– Да вы просто чудовище, мессир де Куртене! – воскликнула королева Маргарита. – Не соглашайтесь, сир, мой супруг! Узник и без того едва жив…

– Вы не верите, что Господь всемогущ, мадам? – укорил свою супругу Людовик. – Знайте же, что правда торжествует даже тогда, когда ордалии подвергается умирающий!

– Я никогда не сомневалась во всемогуществе нашего Господа, добрый мой супруг, и вы лучше всех это знаете, но я взываю к вашей жалости…

Слово «жалость» хлестнуло Рено, как пощечина.

– Я не хочу быть обязанным жизнью жалости короля, мне нужна его справедливость! – вспыхнув, произнес молодой человек и добавил более мягким тоном: – Но я благодарю королеву за ее благодетельное вмешательство, и если меня оставят в живых, то моя жизнь будет принадлежать ей…

– Я предлагаю другое решение, – вмешался в разговор император. – Последний Куртене, рожденный в Святой земле, кажется мне редкостью, достойной сохранения. И его мужество мне тоже по нраву. Отдайте его мне, мой царственный брат! Я увезу его с собой и буду отвечать за него.

Людовик молча посмотрел на Бодуэна и подошел к каменному кресту, который стоял посреди сада. Он преклонил перед ним колени и стал молиться. Молился Людовик долго, но когда поднялся с колен, лицо его было озарено удивительным умиротворением, которое всегда так поражало тех, кому довелось его видеть.

– Возьмите его, он ваш, – обратился Людовик к Бодуэну. – Развяжите узника, – приказал он более громким голосом и снова обратился к императору: – Мы распорядимся, чтобы его отнесли к вам. Скажите, где вы остановились?
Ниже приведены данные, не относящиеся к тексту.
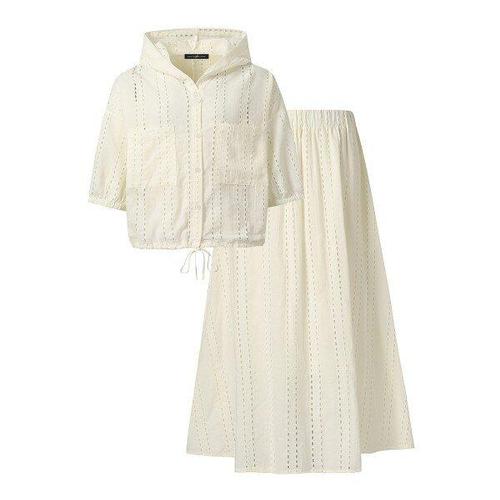 [나인식스뉴욕]펀칭 블라우스 롱 스커트 셋업 (NP2OW024L0)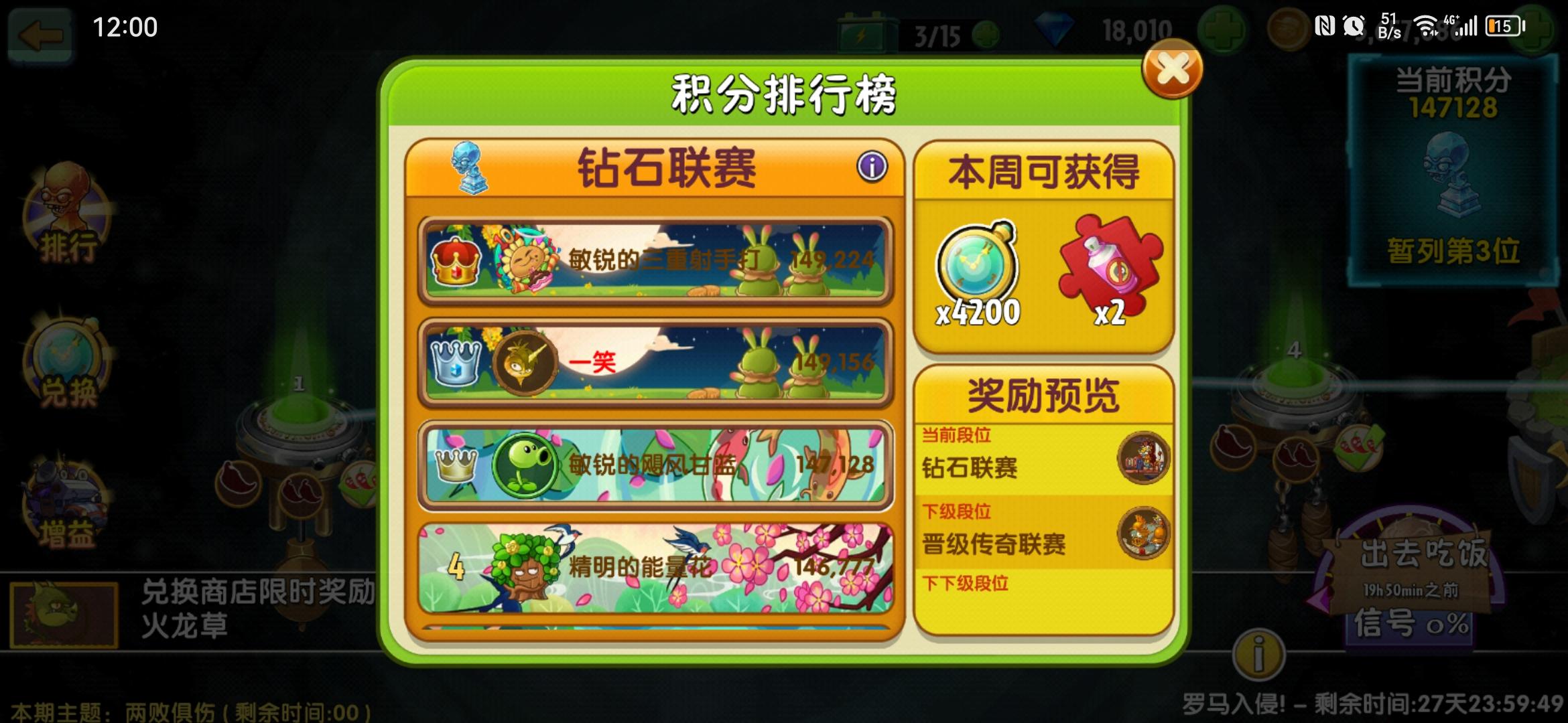 打的最难受的一次追击,和第四名你来我往,相互凹分,从14.4打到14.7,最后半个小时还是我偷榜成功

– На постоялом дворе «Пресвятая Дева Мария», – ответил, смеясь, император. – Мне там несколько тесновато, но свита странствующего императора не так уж и велика. Хотя искусный врач-грек у меня найдется.

– Не известить нас и остановиться так близко от королевского дворца? А вы знаете, что я могу обидеться на вас, брат мой? Почему вы не остановились по своему обыкновению у меня в Венсенском замке? Неужели там так плохо?

– Вы прекрасно знаете, что нет. Ваше гостеприимство всегда… поистине королевское. Но я здесь проездом, всего на несколько дней, спешу на аудиенцию к Его Святейшеству папе, и если навестил вас сегодня, то только из опасения, которое утром пришло мне в голову. Мне показалось, что вы можете всерьез обидеться, если узнаете, что я был в Париже и не пришел вас обнять, дорогой мой брат…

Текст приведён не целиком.